Two companion deep dives in this same series treat the storing siblings at length — one on the capacitor, one on the coil — and much of what one learns about any of the three illuminates the other two. Where those volumes reach for stretched membranes and spinning flywheels to explain energy held in reserve, this one reaches for friction: the resistor is the brake, not the spring or the flywheel. Keep that image in the back of the mind. It pays dividends all the way through.
1.2 Ohm’s Law: the Rule That Ties It All Together
If a single equation deserves to be tattooed on the inside of an electronics worker’s eyelids, it is this one. The German schoolteacher Georg Simon Ohm published it in 1827, after painstaking experiments with wires of different lengths and thicknesses, and it states a relationship so clean it feels almost too simple to be a law of nature: the current through a resistor is directly proportional to the voltage across it, with the resistance as the constant of proportionality. In symbols:
V = I × R
Here V is the voltage across the resistor, measured in volts; I is the current through it, measured in amperes (amps); and R is the resistance, measured in ohms. The equation is a statement about cause and consequence in a circuit. Apply a voltage V across a resistance R and a current I is forced to flow, its size fixed by the ratio of the two. Double the voltage and the current doubles. Double the resistance and, for the same voltage, the current halves. Nothing about it is negotiable; it is arithmetic.

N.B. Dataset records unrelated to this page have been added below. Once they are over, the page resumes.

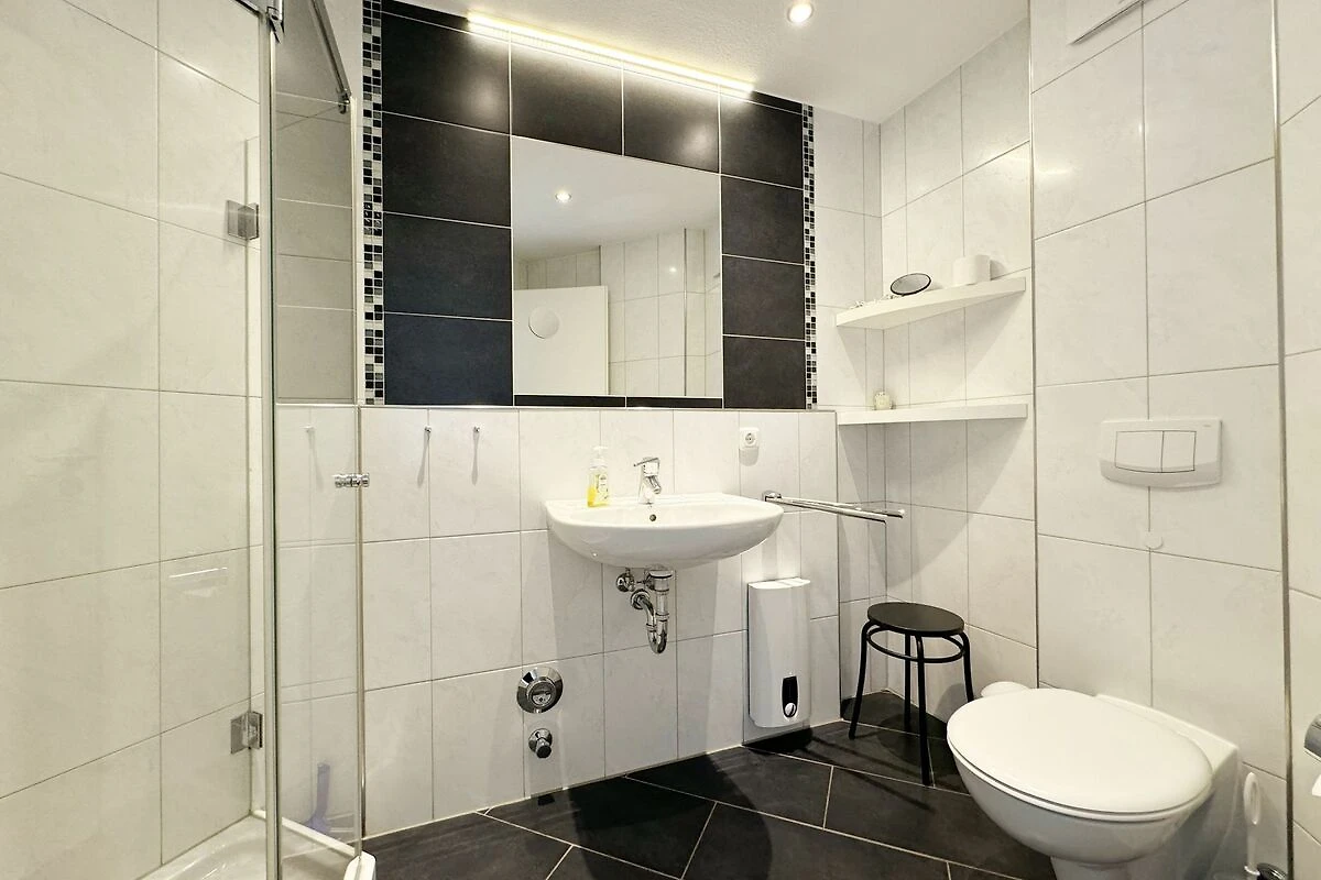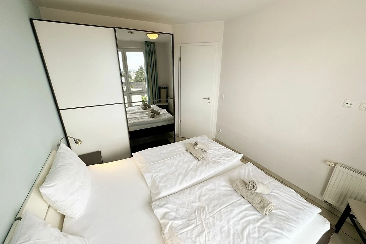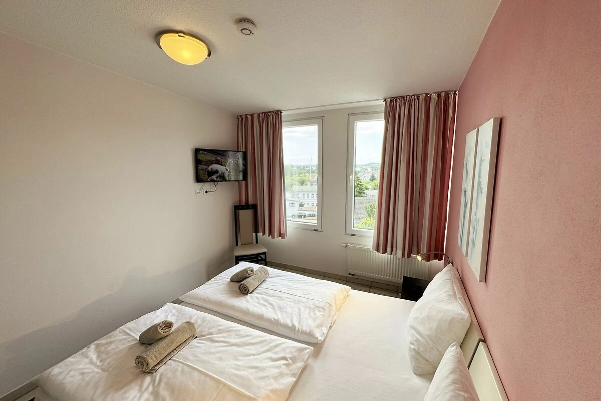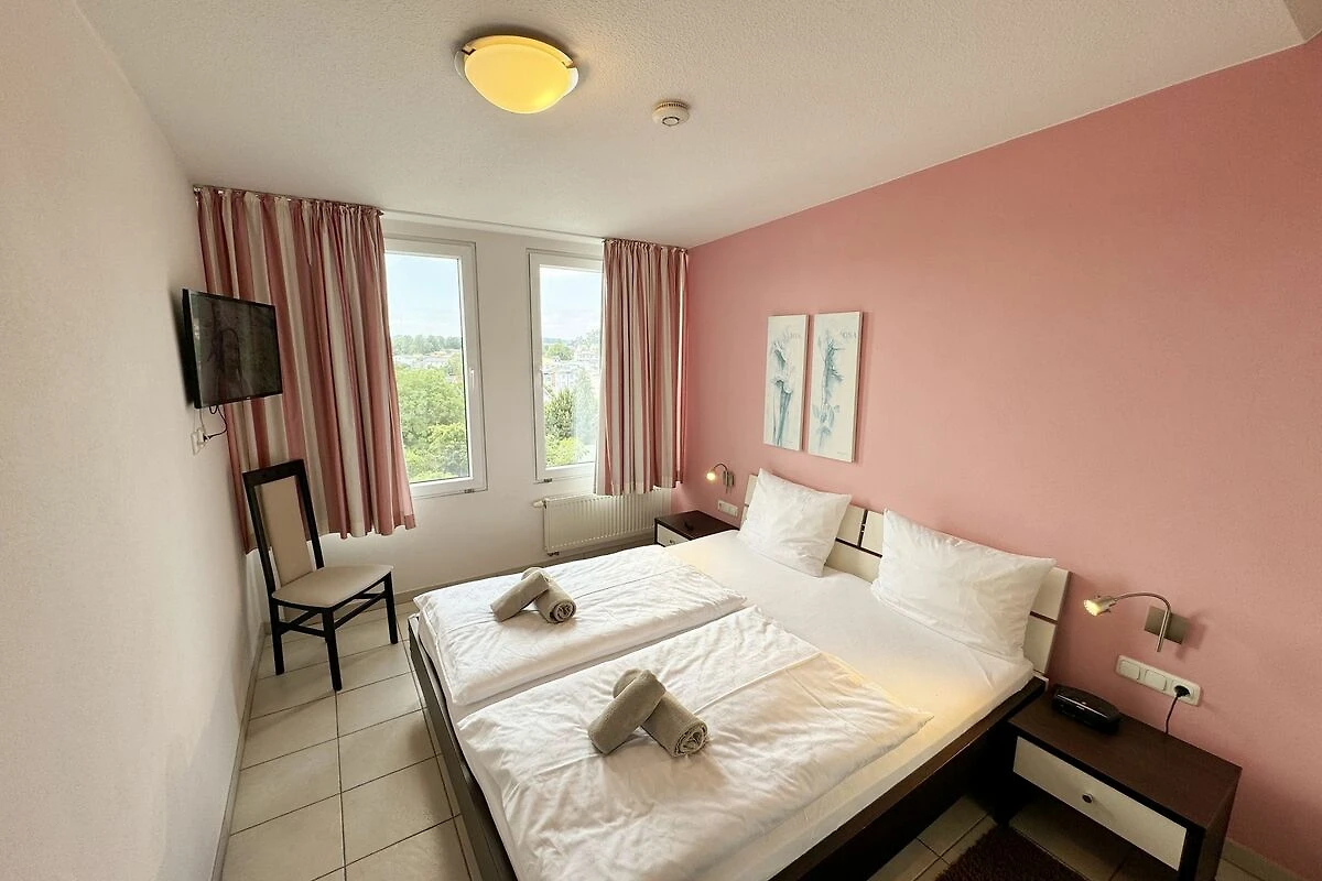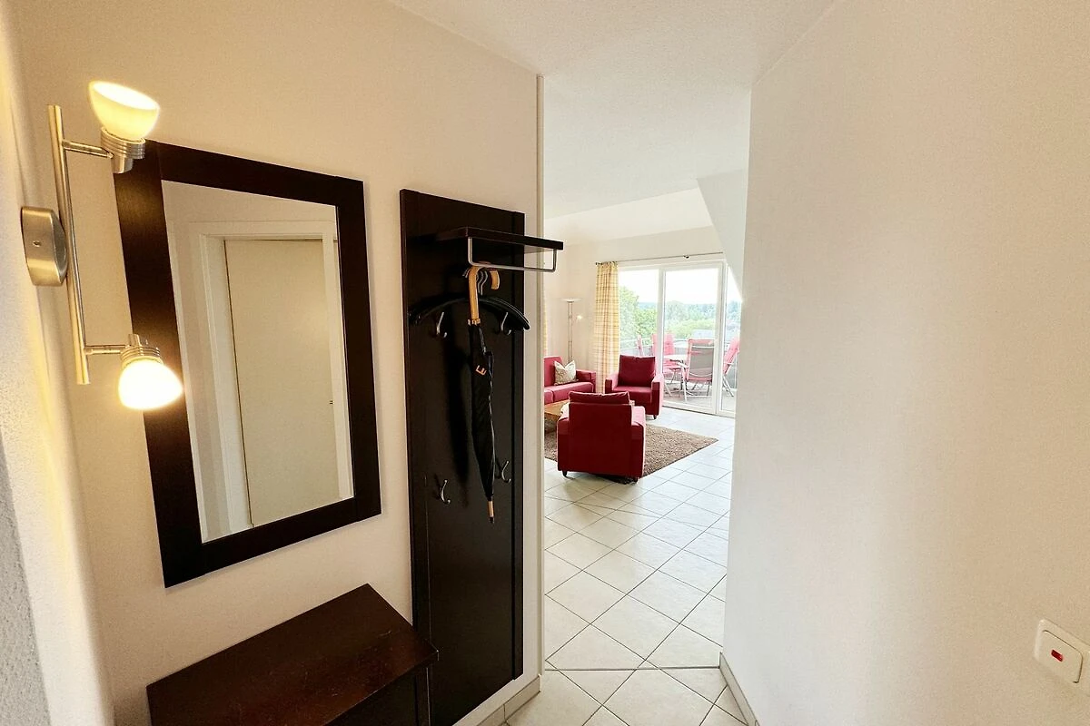 Die grosszügige und lichtdurchflutete Maisonette / Ferienwohnung Nr. 10 bietet Ihnen ausreichend Platz für max. 4 Erwachsene. Die Wohnung befindet sich im Obergeschoss und ist bequem per Fahrstuhl von der Tiefgarage aus zu erreichen. Die Wohnung ist als Nichtraucherwohnung deklariert und erstreckt sich mit Ihren 72 qm über 2 Etagen. Der sehr gemütliche eingerichtete Wohnbereich ist der Dreh- und Angelpunkt der Wohnung. Hier befindet Sie eine hochwertige Couch, 2 Sessel, Couchtisch, eine Leselampe sowie einem Smart-TV (32 Zoll) mit DVD-Player/Heimkino und Internetanschluss per WLAN (inklusive). Angrenzend an den Wohnbereich finden Sie eine moderne und komplett ausgestattete Küchenzeile mit Geschirrspüler, Mikrowelle, Kühlschrank mit Eisfach, Ceranfeld, Backofen, Kaffeemaschine, Toaster, Wasserkocher, diversen Küchenutensilien und einen Holzesstisch mit 5 Stühlen. Das 1. Schlafzimmer finden Sie auf der gleichen Ebene wie den Wohn- & Essbereich. Das Schlafzimmer verfügt über ein Doppelbett (1,80m x 2,00m) mit verstellbaren Lattenrosten, Nachtischkonsolen, Verdunklungsmöglichkeit und grossem Kleiderschrank mit Spiegel. In dem 1. Bad finden Sie eine Dusche, WC, Waschtisch, Kosmetikspiegel, Fön, Fussbodenheizung und einen Handtuchtrockner für Ihren alltäglichen Gebrauch, wieder. Um Ihren Urlaubstag in Ruhe ausklingen zu lassen, erreichen Sie vom Wohnbereich den begehbaren Süd-Westbalkon mit herrlichem Blick auf das Ostseebad Sellin. Durch die im Wohnbereich vorhandene Treppe gelangen Sie in das 2. Schlafzimmer, wo Sie ein Doppelbett (1,80m x 2,00m) mit verstellbaren Lattenrosten, Nachtischkonsolen, Verdunklungsmöglichkeit, Smart-TV und grossem Kleiderschrank mit Spiegel wiederfinden. Angrenzend befindet sich das 2. Bad mit Dusche, WC, Waschtisch, Handtuchtrockner und einer Fussbodenheizung. Im Gemeinschafskeller können Sie gegen einen Aufpreis die gemeinschaftliche Waschmaschine und den Trockner nutzen. Die Wertmarken können Sie auf Nachfrage während Ihres Urlaubes erwerben. Die Erstausstattung eines Wäschepaketes (komplette Bettwäsche, 1 Duschhandtuch, 1 kleines Handtuch) können Sie bis 14 Tage vor Anreise gegen einen Aufpreis dazu buchen oder durch eigene ergänzen. Ab 2 gebuchten Paketen erhalten Sie einmalig 1 Geschirrhandtuch und 1 Duschvorleger hinzu. Ein eigener Pkw-Stellplatz Nr. 10 und ein Fahrradraum gehören zur Wohnung und befinden sich in der hauseigenen Tiefgarage (Einfahrtshöhe 2,10 m). Haustiere sind in der Wohnung nicht erlaubt.
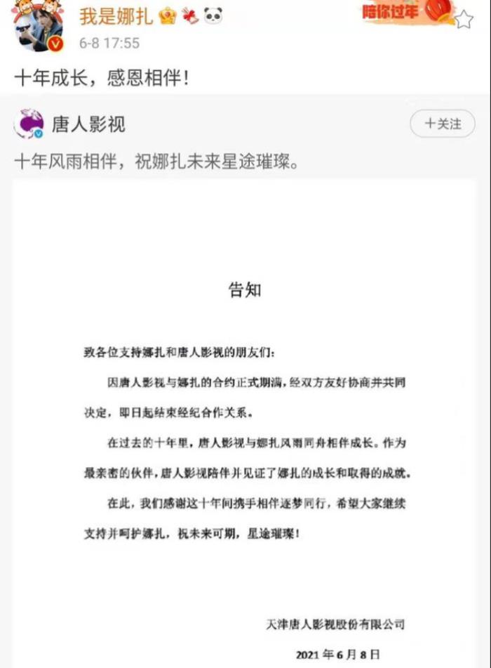 8日晚,古力娜扎在微博发出“十年成长,感恩相伴”,唐人影视的官方微博也回应,“祝娜扎未来星途璀璨”。虽然充满着祝福和体面,但也无法回避双方分道扬镳的事实。
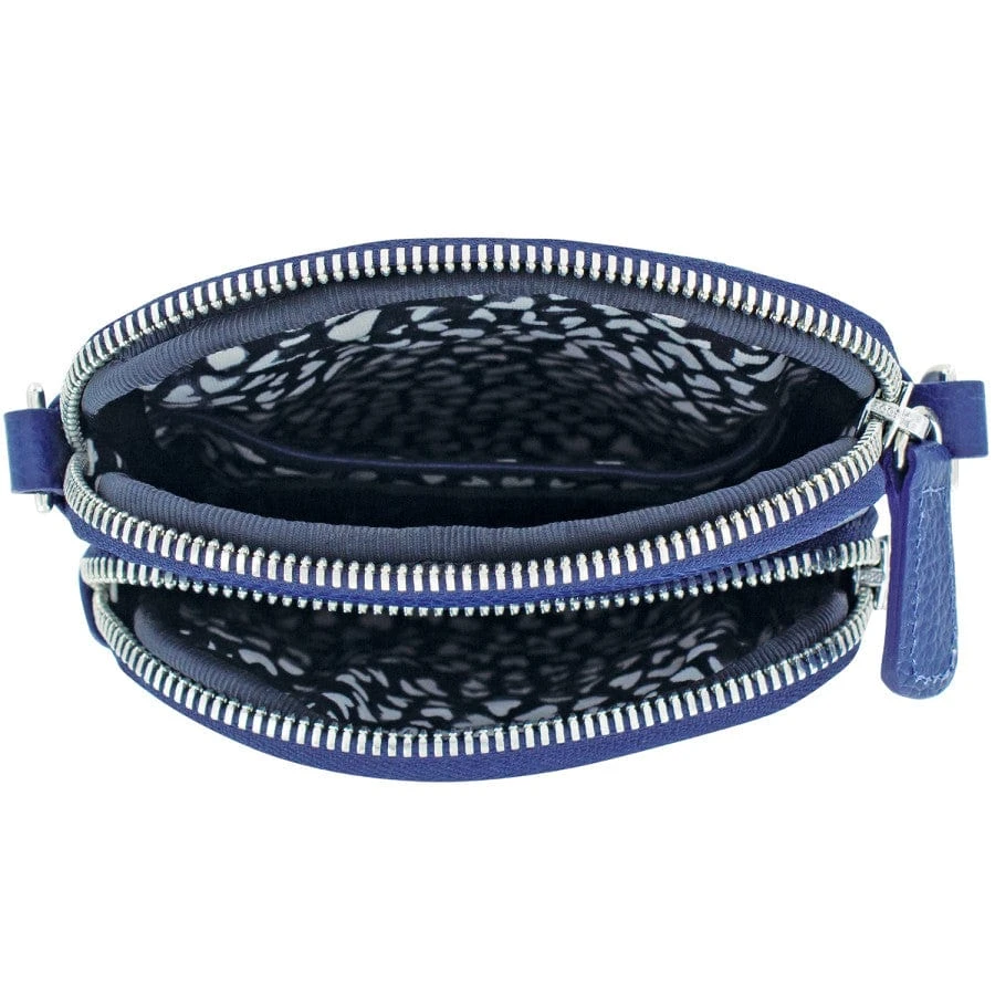 In wonderful shades of blue, highlighted with Italian navy blue leather, this great compact crossbody will match every pair of denim jeans you own, and compliment every other color in your closet.
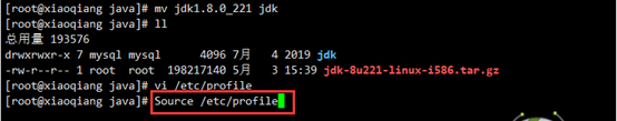 3)重命名:mv jdk1.8.0-221 jdk。【语句格式:mv+解压前的文件名+解压后的文件名】

Because it is arithmetic, the one equation is really three, and fluency means being able to slide between them without thinking:
The three forms answer the three questions a designer actually asks at the bench. V = I × R answers “how much voltage will appear across this resistor when a known current flows through it?” — the everyday act of a current dropping a voltage, which is the beating heart of the voltage divider met later in this volume. I = V / R answers “how much current will flow if I put this voltage across this resistance?” — the question behind every current-limiting resistor. And R = V / I answers “what resistance do I need to get the current I want from the voltage I have?” — the design question, the one that tells the builder which part to reach for. The “magic triangle” in the figure is a memory aid, nothing more: write V on top, I and R side by side beneath, cover the letter you are solving for, and the surviving two fall into the right arrangement. Old hands do not need it, but no one is embarrassed to have learned it.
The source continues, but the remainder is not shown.